In the entries below, find the line with "Avena y avena integral" and the line with "Памятник Преподобному Сергию"; give again those lines and every line between them, exactly.
☆ ☆ ☆
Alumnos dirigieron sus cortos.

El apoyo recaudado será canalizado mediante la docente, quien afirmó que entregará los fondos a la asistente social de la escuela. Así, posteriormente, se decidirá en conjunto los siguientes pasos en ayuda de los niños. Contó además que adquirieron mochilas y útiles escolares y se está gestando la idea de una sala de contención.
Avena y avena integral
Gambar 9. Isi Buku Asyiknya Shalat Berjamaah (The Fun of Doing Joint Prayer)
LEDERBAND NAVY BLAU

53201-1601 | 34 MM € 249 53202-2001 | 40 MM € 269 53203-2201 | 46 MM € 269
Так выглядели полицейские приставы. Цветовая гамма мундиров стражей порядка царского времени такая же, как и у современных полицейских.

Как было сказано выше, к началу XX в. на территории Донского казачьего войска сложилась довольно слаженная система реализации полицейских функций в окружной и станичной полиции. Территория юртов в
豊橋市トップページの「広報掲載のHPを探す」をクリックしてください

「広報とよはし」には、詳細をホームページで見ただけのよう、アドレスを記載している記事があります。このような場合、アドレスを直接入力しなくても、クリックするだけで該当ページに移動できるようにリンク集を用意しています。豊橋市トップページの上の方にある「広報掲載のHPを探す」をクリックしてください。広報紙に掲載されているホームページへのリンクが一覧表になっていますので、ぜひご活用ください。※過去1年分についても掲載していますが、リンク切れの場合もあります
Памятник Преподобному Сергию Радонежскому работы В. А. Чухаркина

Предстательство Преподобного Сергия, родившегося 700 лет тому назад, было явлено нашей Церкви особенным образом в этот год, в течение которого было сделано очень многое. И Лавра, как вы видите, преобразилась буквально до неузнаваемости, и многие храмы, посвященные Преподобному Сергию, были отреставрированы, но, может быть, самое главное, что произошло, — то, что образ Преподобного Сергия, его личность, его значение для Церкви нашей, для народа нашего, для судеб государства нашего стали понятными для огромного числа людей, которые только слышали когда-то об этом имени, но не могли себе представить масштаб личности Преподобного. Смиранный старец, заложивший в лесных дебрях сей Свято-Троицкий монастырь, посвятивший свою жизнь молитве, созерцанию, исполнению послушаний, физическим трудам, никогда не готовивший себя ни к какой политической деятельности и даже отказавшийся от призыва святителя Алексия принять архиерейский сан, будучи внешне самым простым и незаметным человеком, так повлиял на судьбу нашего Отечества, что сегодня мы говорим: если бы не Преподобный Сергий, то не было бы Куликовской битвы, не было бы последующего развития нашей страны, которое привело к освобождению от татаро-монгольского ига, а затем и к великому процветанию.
☆ ☆ ☆
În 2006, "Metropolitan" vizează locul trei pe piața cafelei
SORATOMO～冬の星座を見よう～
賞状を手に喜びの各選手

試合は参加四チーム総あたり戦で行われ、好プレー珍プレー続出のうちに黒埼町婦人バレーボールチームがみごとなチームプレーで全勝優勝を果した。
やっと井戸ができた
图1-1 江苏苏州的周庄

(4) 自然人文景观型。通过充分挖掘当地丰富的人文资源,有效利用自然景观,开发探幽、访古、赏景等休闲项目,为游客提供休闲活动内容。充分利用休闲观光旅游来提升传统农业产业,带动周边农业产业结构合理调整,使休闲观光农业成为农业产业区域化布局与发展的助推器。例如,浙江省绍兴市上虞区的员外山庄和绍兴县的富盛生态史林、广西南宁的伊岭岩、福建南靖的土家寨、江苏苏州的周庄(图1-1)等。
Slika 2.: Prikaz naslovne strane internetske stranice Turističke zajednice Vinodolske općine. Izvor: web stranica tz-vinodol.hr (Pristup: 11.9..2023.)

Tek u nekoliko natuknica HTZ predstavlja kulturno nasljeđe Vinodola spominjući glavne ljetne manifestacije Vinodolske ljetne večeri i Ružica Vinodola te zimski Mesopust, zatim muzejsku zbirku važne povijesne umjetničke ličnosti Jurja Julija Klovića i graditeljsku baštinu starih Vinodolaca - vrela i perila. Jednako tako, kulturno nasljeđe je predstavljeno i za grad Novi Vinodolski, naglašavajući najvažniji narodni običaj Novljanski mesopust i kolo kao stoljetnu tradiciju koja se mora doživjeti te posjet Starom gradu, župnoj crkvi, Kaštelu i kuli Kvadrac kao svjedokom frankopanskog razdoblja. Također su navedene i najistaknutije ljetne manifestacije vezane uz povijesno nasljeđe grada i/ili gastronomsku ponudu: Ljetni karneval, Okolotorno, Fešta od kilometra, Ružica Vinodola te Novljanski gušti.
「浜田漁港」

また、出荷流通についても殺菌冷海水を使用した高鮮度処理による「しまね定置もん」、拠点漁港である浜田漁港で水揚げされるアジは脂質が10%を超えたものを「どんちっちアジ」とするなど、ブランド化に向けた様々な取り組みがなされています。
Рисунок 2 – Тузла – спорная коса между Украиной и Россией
☆ ☆ ☆
# [Output below]
Avena y avena integral
Gambar 9. Isi Buku Asyiknya Shalat Berjamaah (The Fun of Doing Joint Prayer)
LEDERBAND NAVY BLAU

53201-1601 | 34 MM € 249 53202-2001 | 40 MM € 269 53203-2201 | 46 MM € 269
Так выглядели полицейские приставы. Цветовая гамма мундиров стражей порядка царского времени такая же, как и у современных полицейских.

Как было сказано выше, к началу XX в. на территории Донского казачьего войска сложилась довольно слаженная система реализации полицейских функций в окружной и станичной полиции. Территория юртов в
豊橋市トップページの「広報掲載のHPを探す」をクリックしてください

「広報とよはし」には、詳細をホームページで見ただけのよう、アドレスを記載している記事があります。このような場合、アドレスを直接入力しなくても、クリックするだけで該当ページに移動できるようにリンク集を用意しています。豊橋市トップページの上の方にある「広報掲載のHPを探す」をクリックしてください。広報紙に掲載されているホームページへのリンクが一覧表になっていますので、ぜひご活用ください。※過去1年分についても掲載していますが、リンク切れの場合もあります
Памятник Преподобному Сергию Радонежскому работы В. А. Чухаркина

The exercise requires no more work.